■ SUPPLIED MATERIAL
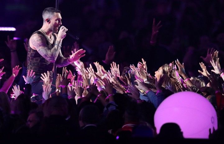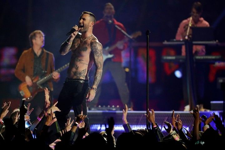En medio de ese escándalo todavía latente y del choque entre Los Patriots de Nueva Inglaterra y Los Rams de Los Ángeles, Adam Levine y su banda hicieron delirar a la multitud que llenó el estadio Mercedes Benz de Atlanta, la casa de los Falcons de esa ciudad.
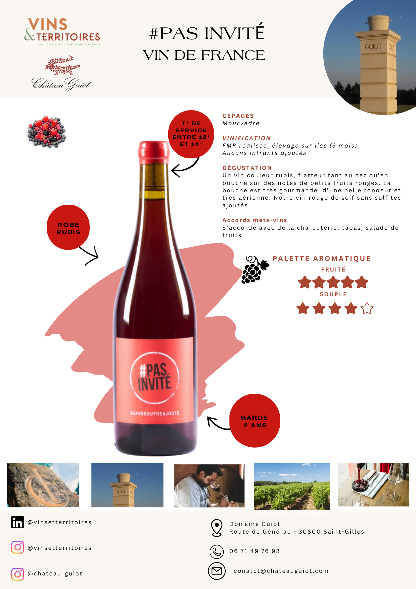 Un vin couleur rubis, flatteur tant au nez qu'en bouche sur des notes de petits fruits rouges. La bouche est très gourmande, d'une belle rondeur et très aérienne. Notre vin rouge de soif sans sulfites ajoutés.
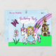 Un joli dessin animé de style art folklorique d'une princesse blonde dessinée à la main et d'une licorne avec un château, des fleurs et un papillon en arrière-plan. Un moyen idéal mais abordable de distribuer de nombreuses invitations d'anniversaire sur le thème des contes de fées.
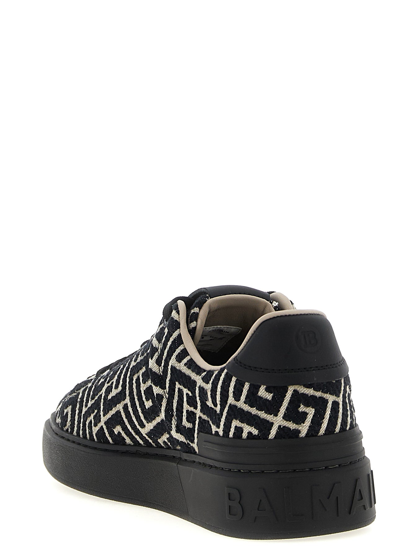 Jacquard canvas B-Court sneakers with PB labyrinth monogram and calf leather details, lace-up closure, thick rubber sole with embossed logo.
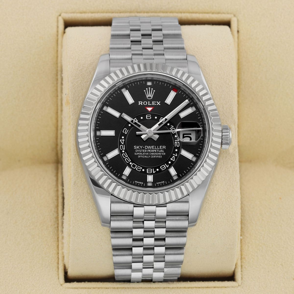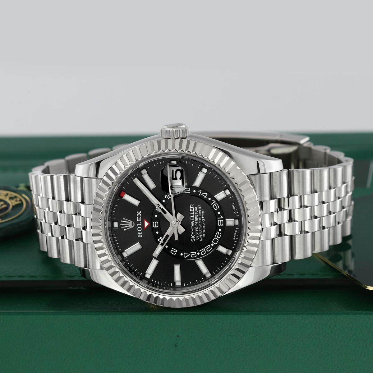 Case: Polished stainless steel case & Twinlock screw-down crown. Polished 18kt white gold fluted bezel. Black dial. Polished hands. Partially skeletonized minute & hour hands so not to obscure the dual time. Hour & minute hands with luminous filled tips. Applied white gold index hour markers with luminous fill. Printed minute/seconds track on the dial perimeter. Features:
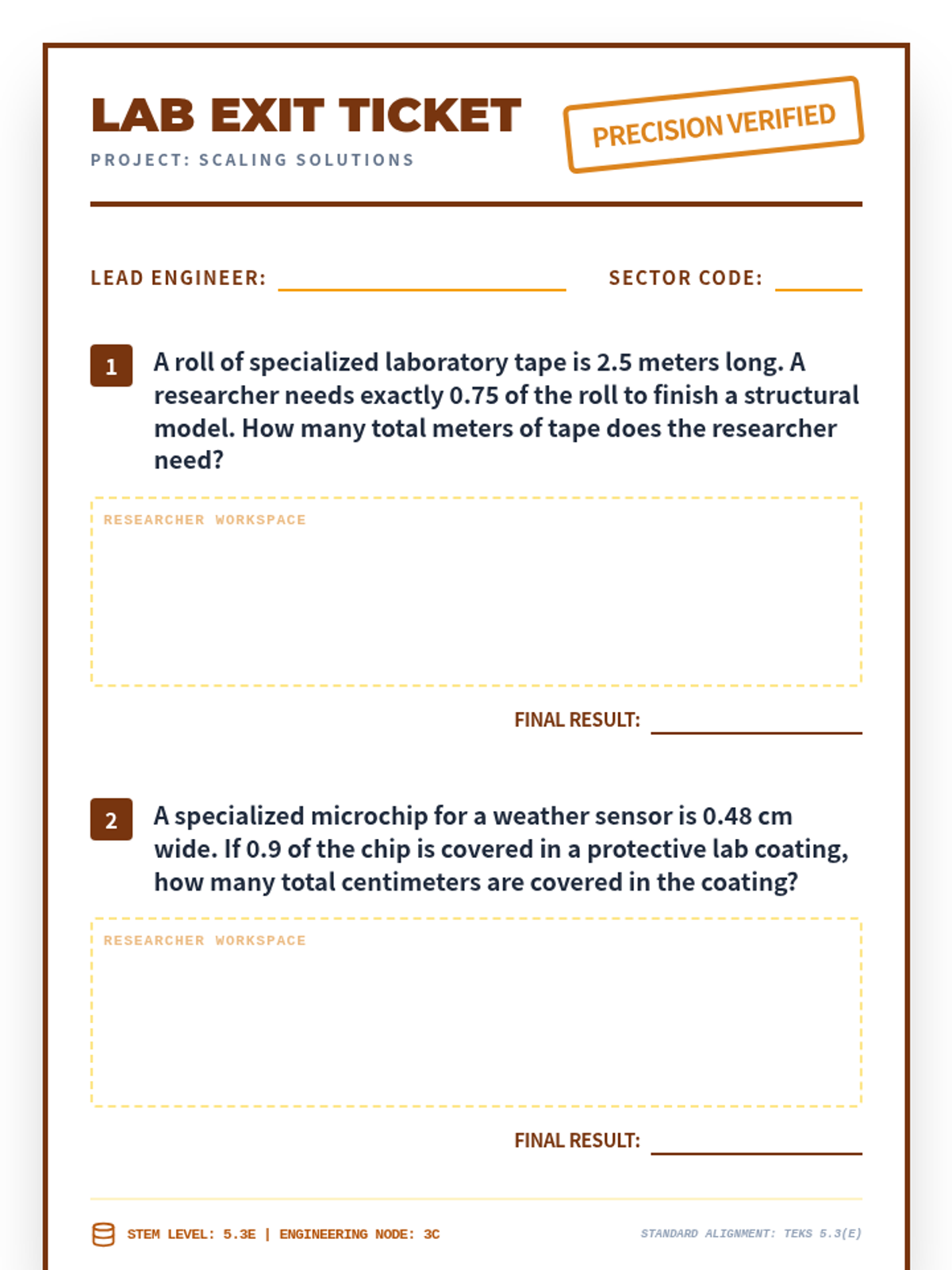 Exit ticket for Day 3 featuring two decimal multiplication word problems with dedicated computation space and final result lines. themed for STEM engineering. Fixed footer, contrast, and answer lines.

■ ABOUT THIS TASK
Your answer must be the lines from the one containing "Un joli dessin" through the last line of the records, copied exactly, with no pictures.

■ ANSWER SECTION
 Un joli dessin animé de style art folklorique d'une princesse blonde dessinée à la main et d'une licorne avec un château, des fleurs et un papillon en arrière-plan. Un moyen idéal mais abordable de distribuer de nombreuses invitations d'anniversaire sur le thème des contes de fées.
 Jacquard canvas B-Court sneakers with PB labyrinth monogram and calf leather details, lace-up closure, thick rubber sole with embossed logo.
 Case: Polished stainless steel case & Twinlock screw-down crown. Polished 18kt white gold fluted bezel. Black dial. Polished hands. Partially skeletonized minute & hour hands so not to obscure the dual time. Hour & minute hands with luminous filled tips. Applied white gold index hour markers with luminous fill. Printed minute/seconds track on the dial perimeter. Features:
 Exit ticket for Day 3 featuring two decimal multiplication word problems with dedicated computation space and final result lines. themed for STEM engineering. Fixed footer, contrast, and answer lines.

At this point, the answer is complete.